Please go line by line and repeat the data below exactly, with no images.

BEGIN Material provided

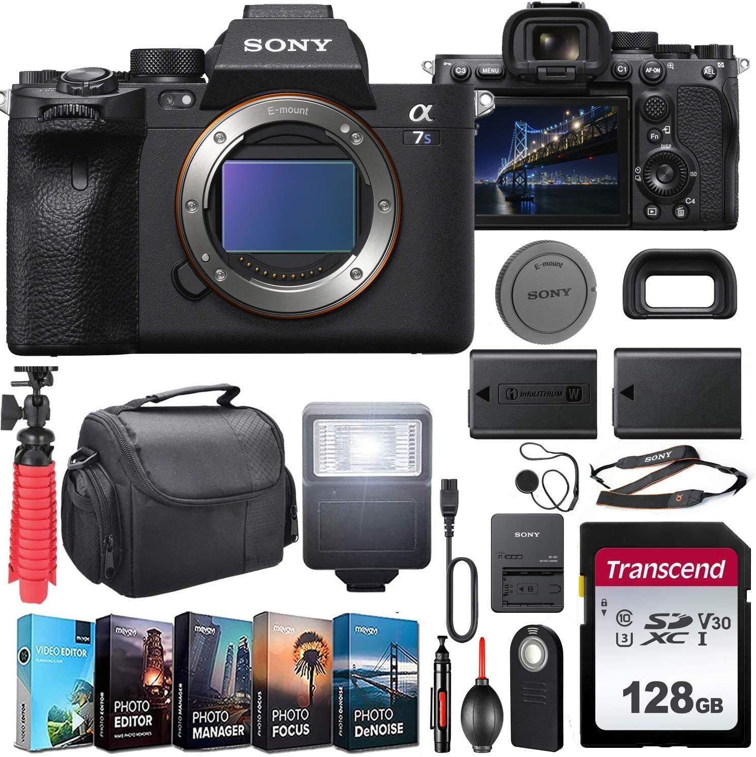 Sony Alpha a7S III Mirrorless Digital Camera (ILCE7SM3/B) Body Kit with Extra Battery + Flash + 128GB U3 V30 Memory Accessory Bundle
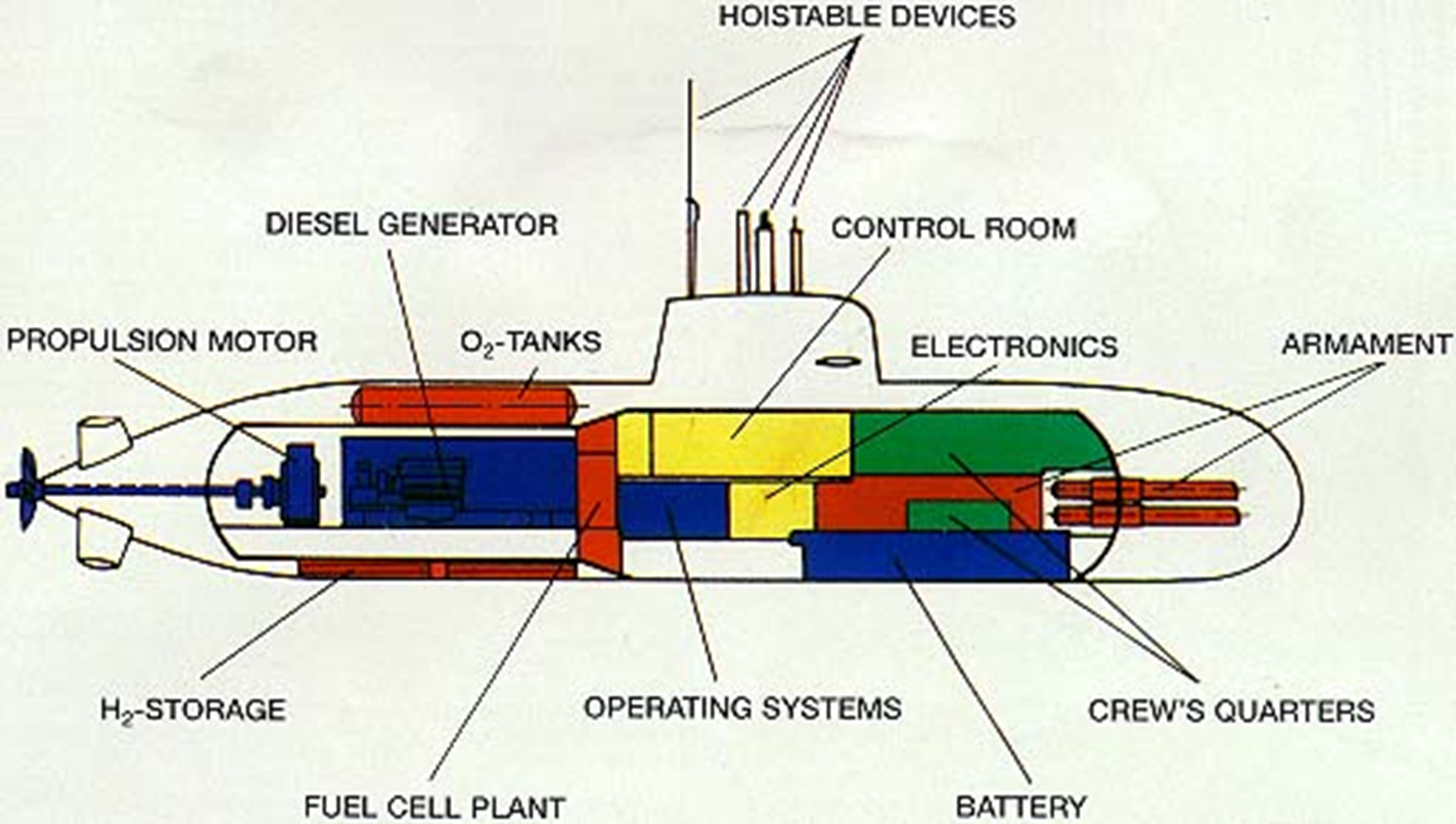 Figure 8. Simplified cross-section of the Type 214 Submarine (Source: TKMS)
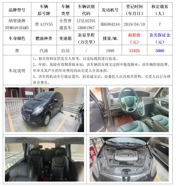 拍品編號(hào)6:納智捷牌DYM6481BAM5小型普通客車(chē)1輛
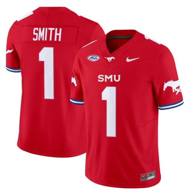 - Men's Nike Brashard Smith Jersey #1 SMU Mustangs Icy College Football Vapor Limited Red

END Material provided

- Problem solution -
 Sony Alpha a7S III Mirrorless Digital Camera (ILCE7SM3/B) Body Kit with Extra Battery + Flash + 128GB U3 V30 Memory Accessory Bundle
 Figure 8. Simplified cross-section of the Type 214 Submarine (Source: TKMS)
 拍品編號(hào)6:納智捷牌DYM6481BAM5小型普通客車(chē)1輛
 - Men's Nike Brashard Smith Jersey #1 SMU Mustangs Icy College Football Vapor Limited Red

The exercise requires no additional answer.